C’est Noël et je sors enfin de la taverne.
Paris que je rencontre a le regard si terne
Et les bras si tombés, que l’on dirait, vraiment,
Que c’est Paris qui vient d’accoucher d’un enfant.
Noël ! Noël ! Noël ! Que le siècle est impie
De célébrer ta nuit dans la noce et l’orgie !
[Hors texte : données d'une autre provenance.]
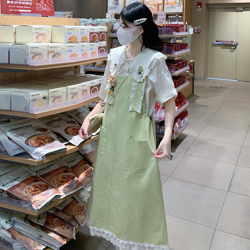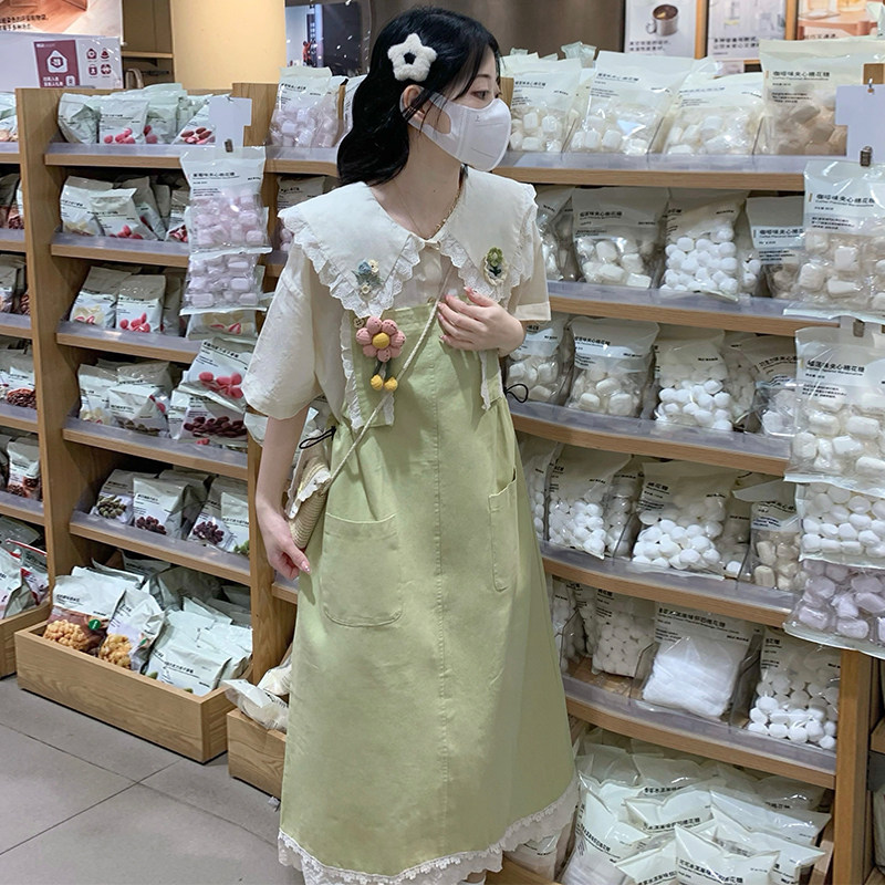 初中生短袖娃娃领衬衫少女夏季套装裙高中学生清新甜美背带连衣裙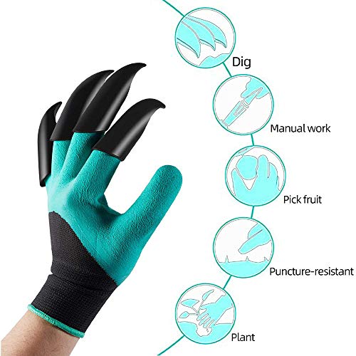 2 paia di guanti da giardino con artigli, guanti in lattice impermeabili, strumenti per proteggere le mani per scavare piantare lavori di giardinaggio (verde)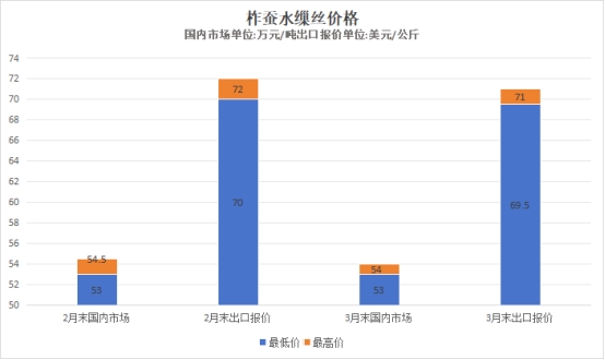 圖3:柞蠶水繅絲價格(2月末-3月末)數(shù)據(jù)來源:中國繭絲綢交易市場統(tǒng)計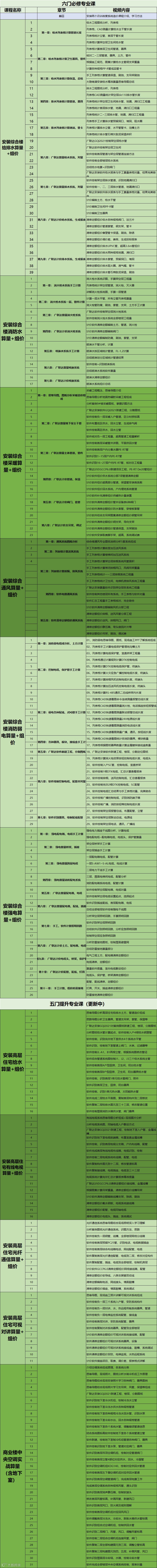 90小时内容+基础知识+施工图识图+定额+计量+清单软件实操, 全方位系统掌握安装给排水、消防水、喷淋水、采暖、强电、防雷接地、消防弱电、通风、建筑智能化、中央空调10大专业:

Que le temps est païen et l’homme sans grandeur
De se vautrer dans l’auge humaine en ton honneur !
Que la vertu faiblit et que la foi s’affaisse
Pour se plaire au milieu de la ville en ivresse !
Ô Noël ! Ô Noël ! Écoute-moi : Je suis
Peut-être le plus vil des hommes de ta nuit !
Je suis peut-être, aussi, l’âme la plus souillée
Que l’on ait vu passer pendant cette veillée !
Mais au moins, mais au moins, je porte dans cette âme,
Aussi vrai que je crois à l’Art et à la Femme,
Aussi vrai que déjà j’ai des rides au front,
L’amour le plus puissant et le plus innomable
Pour celui qui parla le premier de Pardon.

Et celui-là : c’est toi, doux enfant de l’Étable !

  1. Si ce n’est cependant parfois devant la femme.